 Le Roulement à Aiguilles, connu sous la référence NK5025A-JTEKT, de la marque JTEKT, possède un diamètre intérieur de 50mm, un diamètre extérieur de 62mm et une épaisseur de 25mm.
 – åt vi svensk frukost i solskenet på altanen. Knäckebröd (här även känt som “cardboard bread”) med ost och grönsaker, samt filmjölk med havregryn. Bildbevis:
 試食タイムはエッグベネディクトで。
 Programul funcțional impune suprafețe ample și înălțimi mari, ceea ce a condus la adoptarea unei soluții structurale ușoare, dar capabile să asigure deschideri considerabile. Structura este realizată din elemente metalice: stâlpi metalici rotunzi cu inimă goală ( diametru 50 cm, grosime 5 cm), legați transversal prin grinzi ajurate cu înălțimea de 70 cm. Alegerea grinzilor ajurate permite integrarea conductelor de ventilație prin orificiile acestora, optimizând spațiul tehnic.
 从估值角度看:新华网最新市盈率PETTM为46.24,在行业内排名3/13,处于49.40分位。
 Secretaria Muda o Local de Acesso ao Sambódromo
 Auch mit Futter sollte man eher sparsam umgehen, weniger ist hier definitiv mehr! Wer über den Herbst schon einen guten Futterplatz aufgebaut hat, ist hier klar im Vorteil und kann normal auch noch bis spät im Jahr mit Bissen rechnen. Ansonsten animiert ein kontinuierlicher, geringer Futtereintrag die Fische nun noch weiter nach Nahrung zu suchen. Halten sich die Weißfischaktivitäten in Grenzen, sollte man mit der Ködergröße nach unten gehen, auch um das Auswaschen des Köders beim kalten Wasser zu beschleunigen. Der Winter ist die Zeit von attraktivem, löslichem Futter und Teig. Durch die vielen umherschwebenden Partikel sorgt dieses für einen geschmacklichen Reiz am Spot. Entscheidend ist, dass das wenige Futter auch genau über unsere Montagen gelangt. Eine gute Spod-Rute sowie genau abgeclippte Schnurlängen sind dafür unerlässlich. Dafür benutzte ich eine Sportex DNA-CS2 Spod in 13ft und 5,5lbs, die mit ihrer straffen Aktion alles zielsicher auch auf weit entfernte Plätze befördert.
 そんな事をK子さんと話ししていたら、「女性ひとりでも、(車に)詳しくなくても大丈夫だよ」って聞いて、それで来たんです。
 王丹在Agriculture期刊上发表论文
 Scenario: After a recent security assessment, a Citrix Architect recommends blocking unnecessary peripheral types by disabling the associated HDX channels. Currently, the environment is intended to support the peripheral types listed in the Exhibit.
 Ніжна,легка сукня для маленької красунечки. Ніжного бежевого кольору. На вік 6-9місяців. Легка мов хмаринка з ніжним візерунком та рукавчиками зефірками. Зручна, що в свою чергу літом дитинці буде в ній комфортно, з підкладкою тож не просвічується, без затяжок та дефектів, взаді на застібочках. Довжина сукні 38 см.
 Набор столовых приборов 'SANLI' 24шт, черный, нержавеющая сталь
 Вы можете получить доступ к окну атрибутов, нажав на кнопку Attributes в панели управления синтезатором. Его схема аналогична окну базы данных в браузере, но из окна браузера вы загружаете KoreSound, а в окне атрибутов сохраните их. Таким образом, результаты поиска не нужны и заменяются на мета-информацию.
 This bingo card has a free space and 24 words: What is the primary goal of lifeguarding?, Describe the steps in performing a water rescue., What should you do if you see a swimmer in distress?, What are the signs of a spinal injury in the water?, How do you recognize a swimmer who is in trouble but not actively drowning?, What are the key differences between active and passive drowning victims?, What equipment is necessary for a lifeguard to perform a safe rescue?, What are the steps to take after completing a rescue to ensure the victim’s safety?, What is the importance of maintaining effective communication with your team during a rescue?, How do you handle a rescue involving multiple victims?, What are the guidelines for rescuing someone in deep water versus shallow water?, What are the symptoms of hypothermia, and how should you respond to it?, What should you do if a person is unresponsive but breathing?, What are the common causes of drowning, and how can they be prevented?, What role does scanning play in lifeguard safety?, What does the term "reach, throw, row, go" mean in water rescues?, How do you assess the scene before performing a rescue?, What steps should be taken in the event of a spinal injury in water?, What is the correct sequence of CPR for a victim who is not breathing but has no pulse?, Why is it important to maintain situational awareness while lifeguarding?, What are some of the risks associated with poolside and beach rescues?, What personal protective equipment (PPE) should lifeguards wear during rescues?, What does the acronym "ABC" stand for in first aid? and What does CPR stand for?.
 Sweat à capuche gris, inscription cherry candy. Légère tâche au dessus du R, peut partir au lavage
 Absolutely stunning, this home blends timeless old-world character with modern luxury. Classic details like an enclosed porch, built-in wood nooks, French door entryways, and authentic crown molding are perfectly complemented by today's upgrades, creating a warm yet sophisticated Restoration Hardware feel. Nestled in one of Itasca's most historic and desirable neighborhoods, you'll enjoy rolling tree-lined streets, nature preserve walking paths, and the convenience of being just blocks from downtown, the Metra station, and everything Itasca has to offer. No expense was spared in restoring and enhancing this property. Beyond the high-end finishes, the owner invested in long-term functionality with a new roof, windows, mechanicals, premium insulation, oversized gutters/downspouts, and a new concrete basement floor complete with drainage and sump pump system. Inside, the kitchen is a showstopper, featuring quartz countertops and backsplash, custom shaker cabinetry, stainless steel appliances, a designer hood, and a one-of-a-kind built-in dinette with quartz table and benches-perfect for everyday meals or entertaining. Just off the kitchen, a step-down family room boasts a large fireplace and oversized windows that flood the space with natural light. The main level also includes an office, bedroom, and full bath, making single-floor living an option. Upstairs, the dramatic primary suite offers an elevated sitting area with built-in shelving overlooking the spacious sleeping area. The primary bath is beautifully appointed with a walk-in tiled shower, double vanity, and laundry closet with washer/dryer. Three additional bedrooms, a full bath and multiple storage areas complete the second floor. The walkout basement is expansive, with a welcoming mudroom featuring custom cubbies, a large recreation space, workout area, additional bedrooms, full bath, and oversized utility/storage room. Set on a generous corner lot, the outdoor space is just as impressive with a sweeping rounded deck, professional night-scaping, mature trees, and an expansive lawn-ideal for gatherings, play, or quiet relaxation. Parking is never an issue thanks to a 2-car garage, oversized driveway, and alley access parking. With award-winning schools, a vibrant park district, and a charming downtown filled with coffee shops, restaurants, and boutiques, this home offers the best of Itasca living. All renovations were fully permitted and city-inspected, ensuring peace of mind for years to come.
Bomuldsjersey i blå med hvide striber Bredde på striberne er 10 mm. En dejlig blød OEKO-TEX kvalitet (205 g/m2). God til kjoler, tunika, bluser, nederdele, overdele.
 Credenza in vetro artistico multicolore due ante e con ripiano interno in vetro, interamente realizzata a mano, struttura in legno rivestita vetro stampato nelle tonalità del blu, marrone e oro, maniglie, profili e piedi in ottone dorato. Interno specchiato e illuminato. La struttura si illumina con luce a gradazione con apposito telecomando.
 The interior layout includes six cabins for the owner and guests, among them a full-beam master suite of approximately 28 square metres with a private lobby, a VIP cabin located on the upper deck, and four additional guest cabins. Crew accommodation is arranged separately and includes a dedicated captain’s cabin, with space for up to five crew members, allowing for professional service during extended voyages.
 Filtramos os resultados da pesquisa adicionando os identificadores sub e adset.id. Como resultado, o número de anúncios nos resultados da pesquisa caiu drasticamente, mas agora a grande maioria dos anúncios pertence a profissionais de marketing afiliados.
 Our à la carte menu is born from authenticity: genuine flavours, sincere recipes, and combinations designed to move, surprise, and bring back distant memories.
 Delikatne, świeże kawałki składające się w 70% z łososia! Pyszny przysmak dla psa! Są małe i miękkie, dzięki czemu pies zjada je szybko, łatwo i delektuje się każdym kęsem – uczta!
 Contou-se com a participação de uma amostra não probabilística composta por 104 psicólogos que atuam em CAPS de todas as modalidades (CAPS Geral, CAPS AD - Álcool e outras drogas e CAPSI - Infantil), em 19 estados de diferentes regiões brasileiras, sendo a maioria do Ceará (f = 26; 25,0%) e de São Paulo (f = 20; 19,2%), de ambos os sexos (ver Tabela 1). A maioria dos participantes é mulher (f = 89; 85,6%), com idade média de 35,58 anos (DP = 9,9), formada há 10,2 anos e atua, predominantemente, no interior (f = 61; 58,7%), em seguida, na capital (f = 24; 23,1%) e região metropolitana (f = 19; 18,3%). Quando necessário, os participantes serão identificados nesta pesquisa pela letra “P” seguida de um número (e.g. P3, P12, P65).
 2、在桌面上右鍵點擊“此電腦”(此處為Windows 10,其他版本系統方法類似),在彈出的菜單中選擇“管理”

◇ ◇ ◇ ◇ ◇ ◇ ◇

Work required
Check the data above and report how many lines include the word "número", using a bare number.

Finished task
2